High ping is a large round-trip time (RTT) between your device and a server, while packet loss is when some sent packets never arrive. The usual causes are a congested link, Wi-Fi, ISP routing, or an overloaded server. Diagnosis comes down to finding the hop where latency rises or packets start dropping.
This guide covers what ping values are normal, the main causes of loss, how to measure and isolate the problem with ping and traceroute/mtr, and what you can fix on the user, ISP, and server side.
What counts as high ping
| Ping (RTT) | Rating | Where it shows |
|---|---|---|
| < 30 ms | Excellent | Gaming, video calls with no lag |
| 30–80 ms | Normal | Comfortable for most tasks |
| 80–150 ms | Elevated | Noticeable in online games and VoIP |
| > 150 ms | High | Lag, stutter, sluggish UI |
Even 1–2% packet loss is felt in games and calls; for TCP traffic (websites, downloads) loss triggers retransmissions and drops throughput.
Causes of high ping and packet loss
- Wi-Fi and local network: weak signal, interference, congested 2.4 GHz band, old router.
- Link congestion (bufferbloat): when the uplink is saturated (torrents, uploads) ping spikes due to bloated buffers — see bufferbloat.net.
- ISP and routing: a congested hop, a suboptimal path, or trouble at a network peering point.
- Destination server: CPU overload, rate limits, geographic distance (~1 ms physical delay per 100 km).
- MTU and fragmentation: a wrong MTU causes loss and stalled connections.
How to measure and isolate the problem
Basic ping and loss measurement (20 packets):
# Windows
ping -n 20 example.com
# Linux / macOS
ping -c 20 example.comTo see where latency rises or packets drop, use a continuous trace:
# Linux / macOS
mtr example.com
# Windows
tracert example.comWatch which hop starts showing Loss% or rising latency: early hops are your network/ISP, middle hops are transit networks, final hops are the server's network.

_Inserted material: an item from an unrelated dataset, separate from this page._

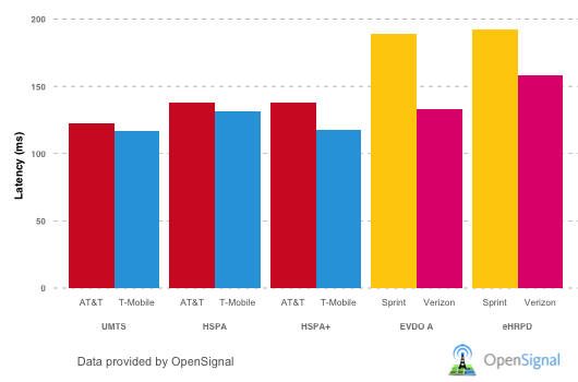 With that in mind, we should take a look at a couple of the results. Firstly, LTE. Open Source tested latency on each of the four carriers. In this test, T-Mobile performed best, and was the only network to achieve results below 90ms. (You’ll have to forgive the obviously poor choice in color co-ordination.)

ICMP is defined in RFC 792. Quickly test ping and port reachability to your server with enterno.io's free ping and port checker, or trace the full path with traceroute.
How to fix it
- User side: use Ethernet instead of Wi-Fi, reboot the router, free up the link, enable SQM/QoS against bufferbloat, update firmware.
- ISP (support ticket): if loss begins on their hops, attach the
mtr/tracertoutput and the time of the test. - Server owner: check load and limits, move infrastructure closer to the audience (CDN, nearer region), set a correct MTU.
Frequently Asked Questions
Ping is high only to one site — is that normal?
The problem is probably not on your end. If ping to other hosts is fine but high to one specific site, the cause is that server, its geography, or the route to it. Compare traces to a good and a bad host to find the diverging hop.
Why does ping fluctuate (jitter)?
Unstable ping (jitter) usually comes from link congestion, Wi-Fi interference, or buffering at an overloaded hop. Check whether ping rises during an active download — a classic bufferbloat sign, fixed by enabling SQM/QoS on the router.
How do I tell an ISP problem from a server problem?
Run mtr or tracert. If Loss% and rising latency appear at early hops, it is your network or ISP. If they appear only at the final hops near the target, the issue is on the server side or its network.
Does packet loss affect download speed?
Yes. TCP treats loss as congestion and shrinks its send window, causing retransmissions. Even 1–2% loss noticeably lowers throughput and increases how long pages and files take to load.
Is it normal for the first hop to lose packets in a trace?
Not necessarily meaningful: routers often deprioritize ICMP to themselves, showing false loss at intermediate hops. Only loss that persists all the way to the final destination across subsequent hops is significant.